Svetlana Alekseevna Galante

Personal information
- Native name: Светлана Алексеевна Галянт
- Full name: Svetlana Alekseevna Galante
- Nationality: Russian
- Born: 23 May 1973 (age 53) Chișinău, Moldavian SSR
- Education: Far Eastern State Academy of Physical Culture and Sports

Sport
- Sport: Sambo, Judo

Medal record
Representing Russia
Women's Sambo
World Championships
| Gold medal – first place | 2012 Minsk | 72 kg |
| Gold medal – first place | 2011 Vilnius | 72 kg |
| Gold medal – first place | 2010 Tashkent | 72 kg |
| Bronze medal – third place | 2009 Thessaloniki | 72 kg |
| Gold medal – first place | 2008 St. Petersburg | 72 kg |
| Gold medal – first place | 2006 Sofia | 72 kg |
| Gold medal – first place | 2000 Kyiv | 72 kg |
Women's judo
World Military Championships
| Silver medal – second place | 2002 Beijing | 70 kg |
| Silver medal – second place | 1998 St. Petersburg | 70 kg |
Military World Games
| Bronze medal – third place | 1999 Zagreb | 70 kg |
European Junior Judo Championships
| Bronze medal – third place | 1991 Pieksämäki | 72 kg |

= Svetlana Galante =

Russian judoka and sambo practitioner

Svetlana Alekseevna Galante (born 23 May 1973) is a Russian judoka and a sambo practitioner. She is considered to be one of the greatest practitioners of Sambo and is a member of the FIAS Hall of fame.

==Biography==
Galante was born in 1973 in Chișinău, Moldavian SSR. In 1985, she moved to Kamchatka Oblast in the Russian SFSR. She graduated from the Far Eastern State Academy of Physical Culture in Russia.

== Sports career ==
Galante compared in both Judo and Sambo. She started in Judo where she won a Bronze medal at the 1991 European Junior Judo Championships.
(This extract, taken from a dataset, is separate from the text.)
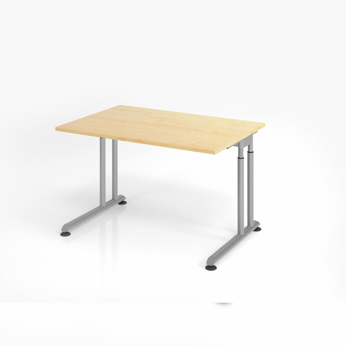 PROREGAL Schreibtisch Nilo | Ahorn | Silber Gestell | BxT 120x80cm | Arbeitshöhe 68-82cm | höhenjustierbar, 1cm Raster | C-Fuß-Gestell | Bürotisch

Galante competed in the women's half-heavyweight event in Judo at the 1996 Summer Olympics. She lost in the round of 16 to Ulla Werbrouck, the eventual Gold Medal winner. In the Repechage, she defeated Cristina Curto in the quarterfinals before losing to Ylenia Scapin in the semifinals. Her final position was ranked 7th.

Later on she earned two Silver Medals in Judo at the World Military Championships and one Bronze Medal at the Military World Games.
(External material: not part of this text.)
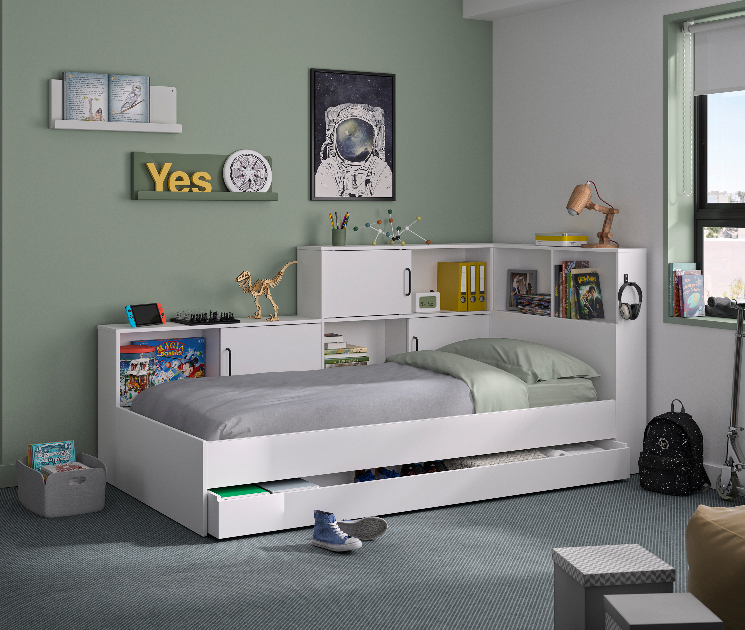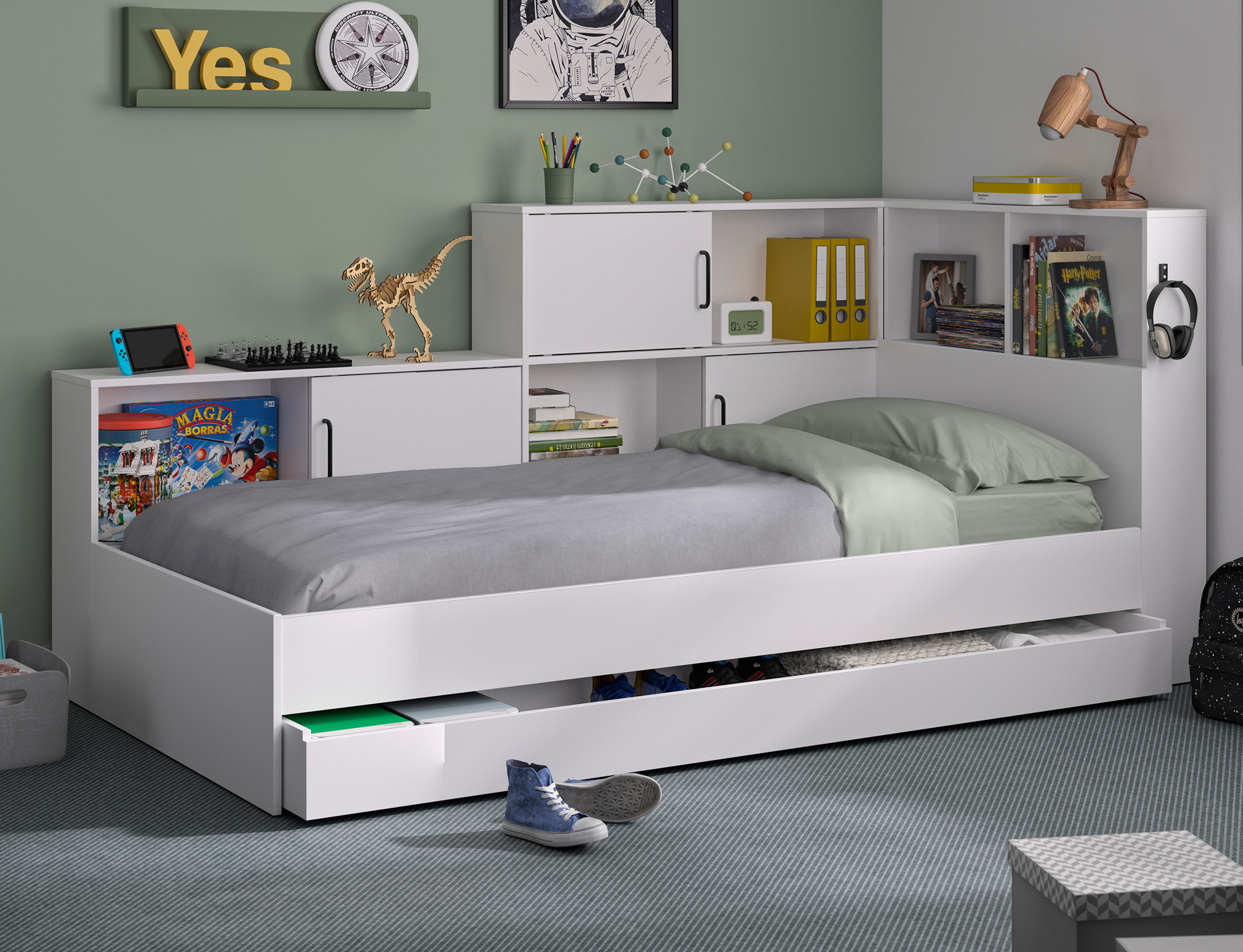 Το κρεβάτι Erwan είναι ιδανικό για εσάς που θέλετε πολλούς αποθηκευτικούς χώρους. Διαθέτει ένα μεγάλο συρτάρι αποθήκευσης κάτω από το κρεβάτι και μεγάλα ράφια αποθήκευσης σε δυο πλευρές του κρεβατιού – κάποια με συρόμενες πόρτες. Διαθέτει επίσης γάντζο για να κρεμάτε ακουστικά ήχου ή οτιδήποτε θέλετε. Το χρώμα του κρεβατιού Erwan είναι λευκό και οι διαστάσεις του 120×221εκ. ( ύψος 104εκ. ) Κατά τη συναρμολόγηση επιλέγετε από ποια μεριά θέλετε να είναι οι αποθηκευτικοί χώροι. Το κρεβάτι είναι γαλλικής κατασκευής.

Galante then competed in Sambo where she achieved greater success. From 2000 to 2012, she was multiple time winner at the World Sambo Championships.

In 2014, Galante announced her retirement from professional sports.

== Political career ==
Galante is currently a Deputy in the Legislative Assembly of Kamchatka Krai.